What the 1824 election can teach us about 2016
The 2016 election is seemingly without precedent. Insurgent campaigns doing battle against the establishment for control — not of the center, but of the margins. Red-hot rhetoric being tossed around with abandon, and mud-slinging so dirty and sloppy it would make a swine blush. And that was just the primaries! Yet as we all shuddered through the Summer of Slander and now into the fall, it's important to remember that our politics has always been a contact sport.
The candidates have beat and pilloried one another with innuendo, mud, slander, gossip — and sometimes even a little truth. But think of how odd it would be if, after all that, neither one of our major candidates gets a majority of electoral votes? It's happened before.
The Framers of our Constitution thought that outside of George Washington, who was elected unanimously, we would almost never be able to agree on a president. So they conceived the 12th Amendment as a way to pass the buck from the voters to Congress. 2016 is starting to look a little bit like the fateful election of 1824 — the first, last and only time that the U.S. House of Representatives decided the presidency.
The election of 1824, for an open presidency after James Monroe had served two terms, saw Gen. Andrew Jackson, hero of the War of 1812, squaring off against John Quincy Adams, son of a former president. There was only one small problem with the Jackson-Adams match: Both men belonged to the same party.
The Democratic-Republicans were the dominant party of this stretch of American history, but its different factions couldn't agree upon a candidate. Hence the campaigns of both Adams and Jackson, as well as the other three serious contenders: Secretary of the Treasury William Crawford, Speaker of the House Henry Clay and Secretary of War John C. Calhoun — not to mention the Secretary of the Navy, Smith Thompson, who made a brief appearance as a fourth candidate.
With an eye-popping six candidates, the general election of 1824 started off looking like the 2016 GOP Primary. Beginning with an early bang in 1823, the favored frontrunner, Crawford, suffered a stroke and was removed from consideration. Calhoun was prescient enough to remove himself from consideration, opting instead to run for vice president (at the time, this position was elected independently), which he won handily.
And then there were four. Can you imagine if our current crop of candidates also included Speaker Paul Ryan, Secretary of Defense Ash Carter and Secretary of the Navy Ray Mabus?
It's little wonder that in 1824 no one candidate managed to capture the necessary Electoral College majority to win the presidency outright. Even though all the candidates were from the same party and running against each other, Andrew Jackson came the closest winning a sizable plurality of both the popular vote and Electoral College votes, with Adams in second place.
So it was off to a meeting of the House of Representatives, where each states' delegation had to come to a consensus. Unlike the Electoral College, the states' delegations are all equal in their voting power when deciding the presidency. In today's terms, this means Wyoming would have as much of a say in determining who became president as Texas.

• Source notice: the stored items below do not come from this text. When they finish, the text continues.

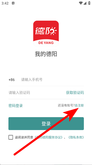 3、在登录页面,点击去注册,进入手机号注册页面。
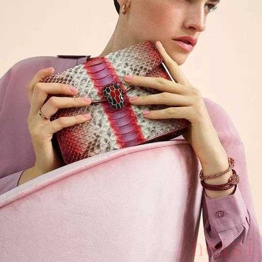 宝格丽最出彩的还是这炸眼球的蟒蛇皮蛇头包,稀有皮质版本。
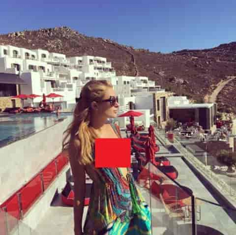 Հիլթոնը սոցցանցում նկար է հրապարակել, որում ընդարձակ տունիկայով է և անկեղծ դեկոլտեով: Սակայն որոշ օգտատերեր հայտարարել են, որ աղջկան այնքան էլ չի սազում տունիկան, քանի որ զգեստի դեկոլտեն ցուցադրում է նրա փոքր կուրծքը:
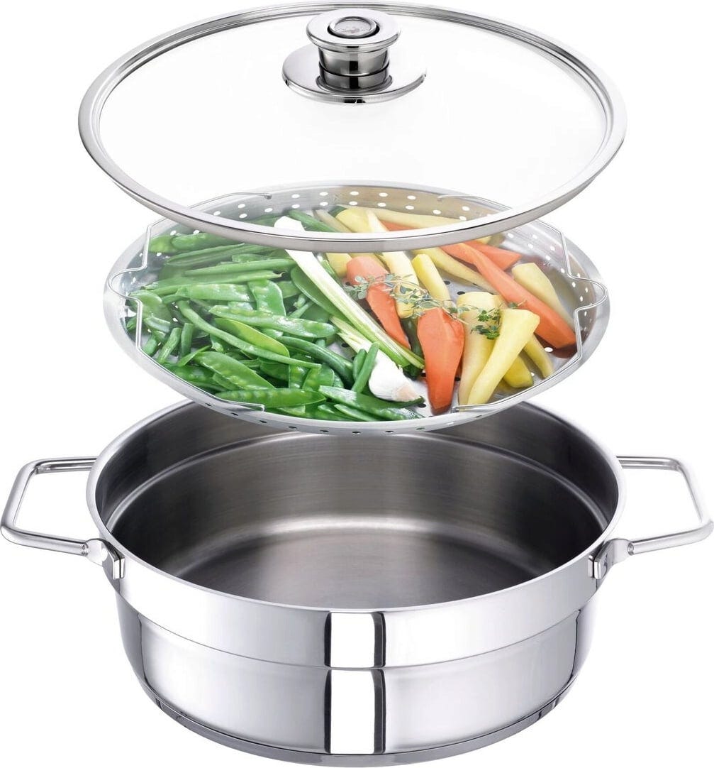 Multifunctioneel kookgerei dat een bijzonder milde en aromatische bereiding mogelijk maakt. Hiervoor voeg je eerst water samen met geselecteerde aroma-ingrediënten toe aan de pan. Zodra het water kookt, plaats je de verse ingrediënten op het stoominzetstuk. Zo blijven alle belangrijke vitamines en voedingsstoffen behouden.

In 1824, it meant that the anti-slavery states were pitted against pro-slavery states, and that the settled East was pitted against the Wild West. Today's political divides seem quaint and dainty by comparison.
As the clock ticked passed midnight on Dec. 31, 1824, no candidate was able to get a majority vote. Jackson was the favorite to win — but he still had Adams to contend with besides the other candidates. Secretary Crawford was still being considered despite his ailments. In fourth place was the House Speaker Henry Clay.
Clay was most closely aligned with Adams' politics, and he despised Jackson. Clay threw his support behind John Quincy Adams — some would say out of spite, others would say because of an agreement for him to become Secretary of State — giving Adams a majority of delegations and the presidency. This would become the first time that a candidate who won the popular vote and a plurality of the Electoral College was denied the White House.
Can you imagine if this happened today? What would happen if Libertarian Gary Johnson was elected president by the House of Representatives because Paul Ryan threw his support behind him in exchange for a deal that would make him the vice president, denying Clinton and Trump a shot at their shared ultimate goal? What would it do to our politics? To our sense of democracy? I don't know, but I'm really glad it's not 1824.
Our politics demands a clear choice — no matter how odious we might find it to be. Both parties have made their choice. Now it's time for us to make ours. We need a clear winner come November because the alternative is just too dangerous.